Methodists Organize in Bastrop, Spring, 1833

(presented without comment)

Source:   In The Shadow Of The Lost Pine
A HISTORY OF BASTROP COUNTY AND ITS PEOPLE

Bastrop Methodist Church
Oldest In Southwest Texas
By Lucy R. Maynard
(Oct. 14, 1952)
   In studying the early cultural activities of people living at this place on the Colorado River, we read:
   “A party was usually an all-night affair since it was dangerous for the guests to return to their homes after dark. Mrs. Josiah Wilbarger Chambers recalled one such celebration which she said took place in Bastrop in the early 1830’s. A priest from San Antonio mission came to perform religious ceremonies for twenty-five couples who had been married by common contract.
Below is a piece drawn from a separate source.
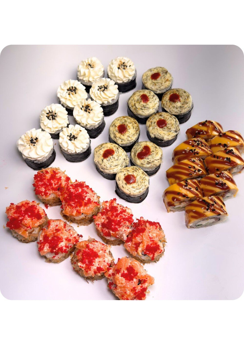 Поцелуй Гейши, Пина Колада, Пивной запеченный, Лосось Чедр, соевый 2шт, васаби 2 шт, имбирь 2шт

The wedding and the subsequent celebration took place in a two-story house in the southern part of the town which was a combination dance hall, courthouse and meeting house. After the ceremony, a feast was spread and the settlers made merry until daylight.”
   In 1832, James Gilliland moved to a place on the Colorado thirteen miles below Austin and built Moore’s Fort, about where Webberville is now. Gilliland was a Methodist exhorter and though not a licensed preacher, spent his free time riding bout the countryside gathering people together for religious services, and we read:
   “This lay preaching of Gilliland took him to the little settlement of Bastrop one Sunday morning in the spring of 1833. A meeting was held in the incomplete storehouse of Jesse Holderman. Planks were placed on boxes or kegs for seats and a barrel was used as a pulpit. On that memorable Sunday morning the first Methodist Church within the bounds of what is now our Conference was organized. The white people, Mr. and Mrs. C. Anderson, Mr. and Mrs. Boyce, Mr. and Mrs. Delaplane, Mr. and Mrs. Brisband, Mrs. Sara McGehee, Mrs. Christian, and one Negro woman, Cecelia Craft, who belonged to Mrs. Samuel Craft, of Craft’s Prairie, became the charter members.”
   One account says that the brother of Mrs. Harriet Taylor (daughter of Samuel Craft of Craft’s Prairie) arrived home one Saturday saying that church services were to be held the next day in Bastrop. Mrs. Taylor and her brother rode in on horseback to the meeting. However, their names do not appear on the roster. Cecilia Craft was probably the maid who accompanied Mrs. Taylor.
   How often this group held services we do not know, because at that time, Protestant religious services were illegal and strictly forbidden. The Roman Catholic Church was the only religion permitted by the Mexican Government.